Define a usefulness threshold (must hit at least 50% to be useful at all, for example).

Step 3: Define Methods and Data

Select Methods

Mix and match. A cheap classifier on 100% of data plus an expensive AI judge on 1% gets you manageable cost with confidence. Use logprobs when available to measure model confidence (essential for classification, perplexity, fluency). And don't dismiss human evaluation. LinkedIn manually evaluates up to 500 conversations a day.

Annotate Evaluation Data

Use real production data when you can. Use natural labels if they exist. Slice your data for finer-grained understanding:

  • Avoid bias against minority groups.
  • Debug subset failures (long inputs, specific topics).
  • Avoid Simpson's paradox, where A beats B on every subgroup but loses overall:
Group 1Group 2Overall
Model A93% (81/87)73% (192/263)78% (273/350)
Model B87% (234/270)69% (55/80)83% (289/350)

Keep multiple evaluation sets: production-distribution, frequent-failures, frequent-user-mistakes (typos!), out-of-scope.

How Much Data?

Use bootstrapping. Draw N samples with replacement from your set, evaluate, repeat. If results vary wildly, you need more data.

OpenAI's guidance for 95% confidence by score difference:

Score differenceSample size
30%~10
10%~100
3%~1,000
1%~10,000

Rule of thumb: a 3× decrease in detectable difference needs 10× more samples.

EleutherAI's median benchmark size is 1,000 examples (avg 2,159). The Inverse Scaling Prize floor is 300, with 1,000+ preferred.
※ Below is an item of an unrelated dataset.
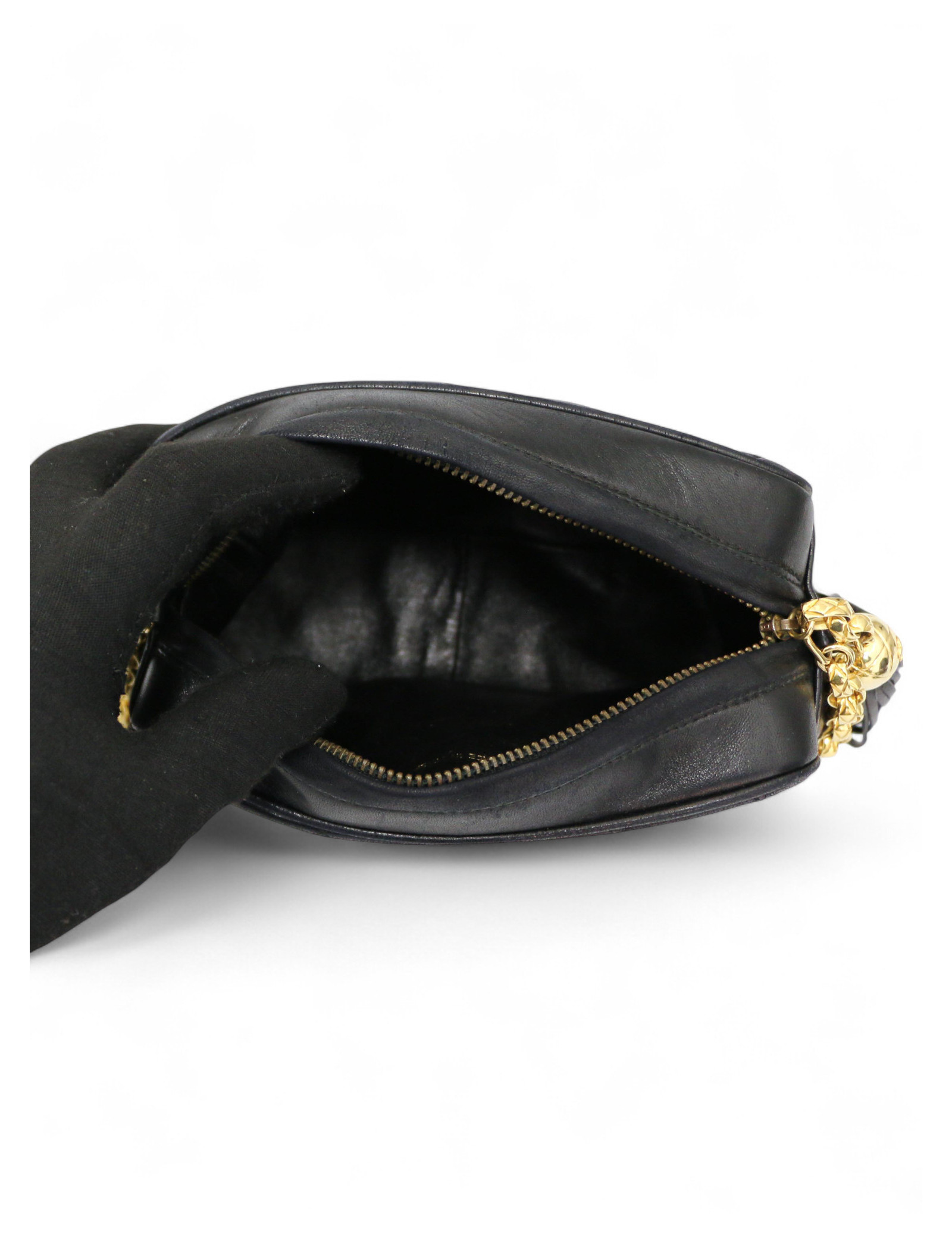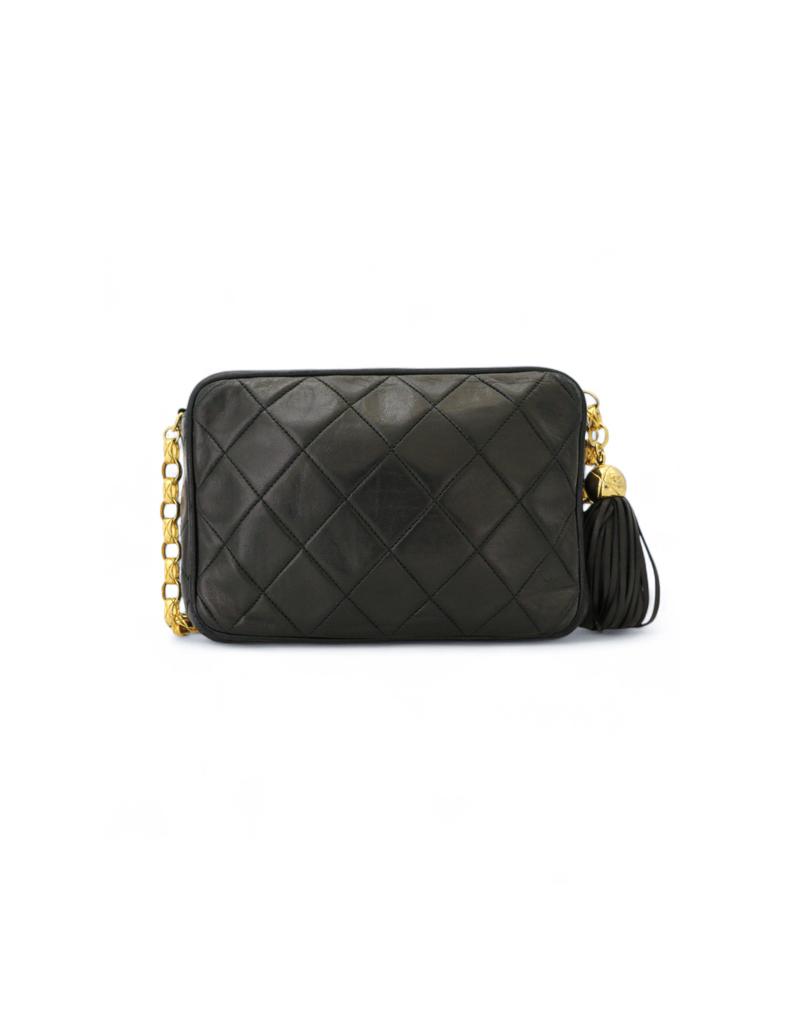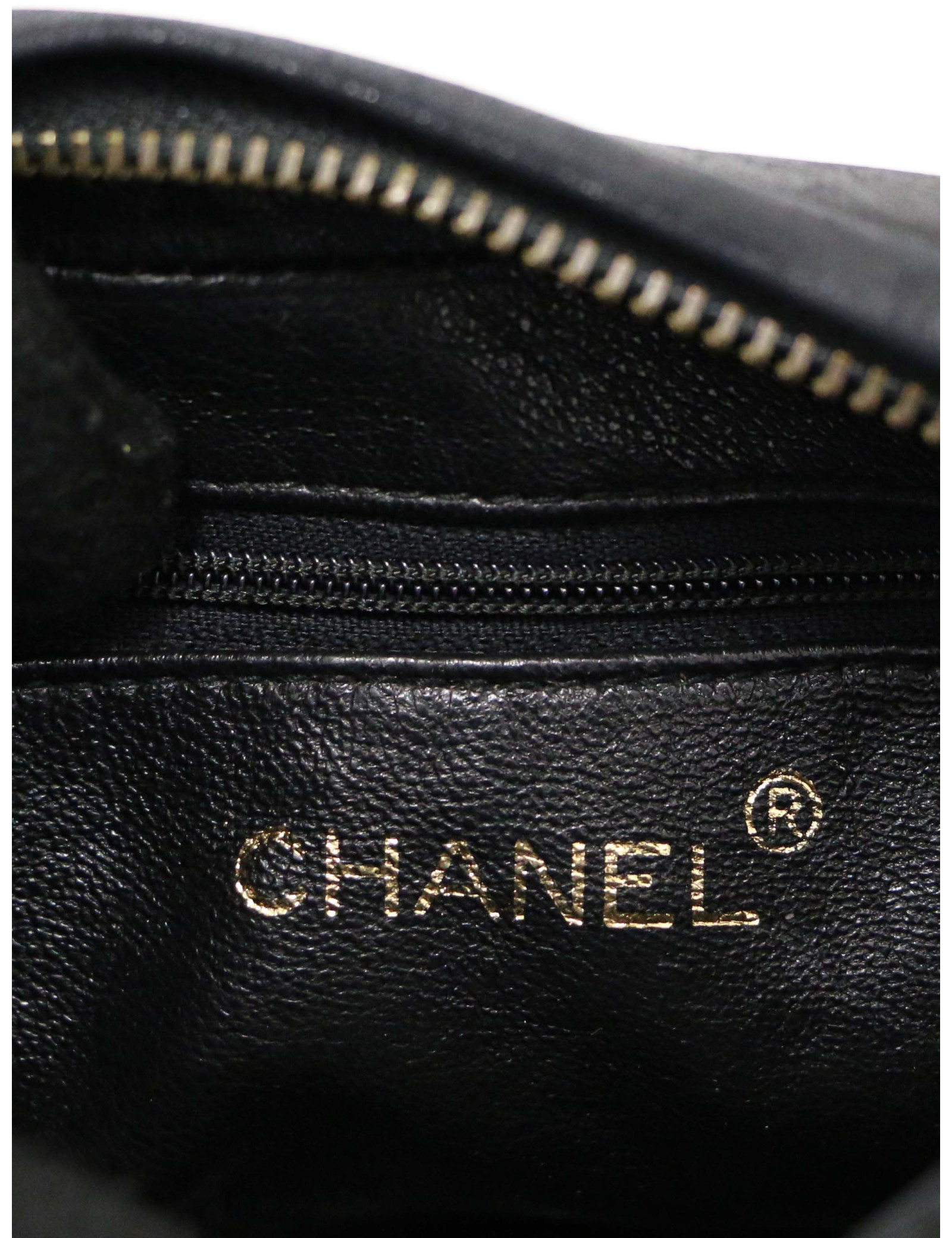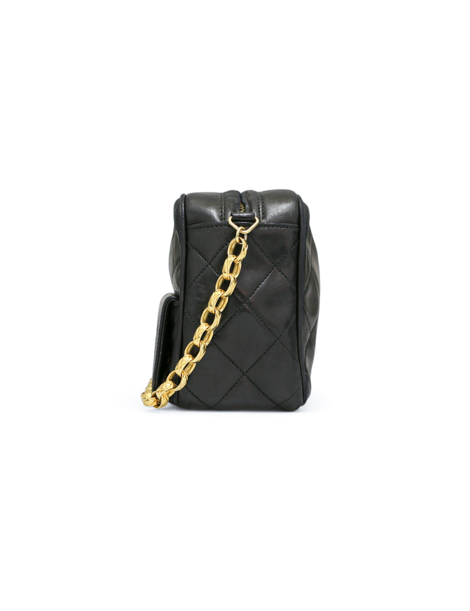 Détails : sac vintage avec une fermeture zippée sur le dessus, agrémenté d'un pompon charms. Il se porte croisé avec sa bandoulière en métal doré qui nous rappelle les ceintures emblématiques de l'époque. Une poche zippée à l'intérieur. A l'avant une petite poche plaquée fermée par un rabat aimanté avec un CC embossé. Aucune usure.

Evaluate Your Evaluation Pipeline

Ask:

  • Right signals? Do better responses get higher scores? Do better metrics correlate with better business outcomes?
  • Reliability? Run twice. Same result? Set AI judge temperature to 0.
  • Metric correlation? Drop redundant metrics, and investigate fully uncorrelated ones (signal or noise?).
  • Cost & latency? Don't skip evaluation to save latency. That's a risky trade.

Iterate

Track everything: evaluation data, rubric, prompts, sampling configs. Otherwise you can't tell if a metric change reflects the application or the evaluation.


Summary

  • Evaluation is the biggest blocker to AI adoption. Evaluation-driven development means defining criteria before building.
  • Criteria fall into four buckets: domain-specific capability, generation capability (factual consistency, safety), instruction-following, and cost/latency.
  • Model selection is really just building your own private leaderboard. Filter by hard attributes (license, privacy, on-device), use public info to narrow, run your own pipeline.
  • Build vs. buy breaks down across 7 axes: data privacy, lineage, performance, functionality, cost, control, on-device. The same use case can flip over time.
  • Public benchmarks help filter bad models but won't pick best-for-you. Watch out for contamination, saturation, and opaque selection or aggregation.
  • Designing an evaluation pipeline means per-component, per-turn, and per-task evaluation, with clear rubrics and examples, tied to business metrics, sliced data, pipeline reliability checks, and careful iteration with experiment tracking.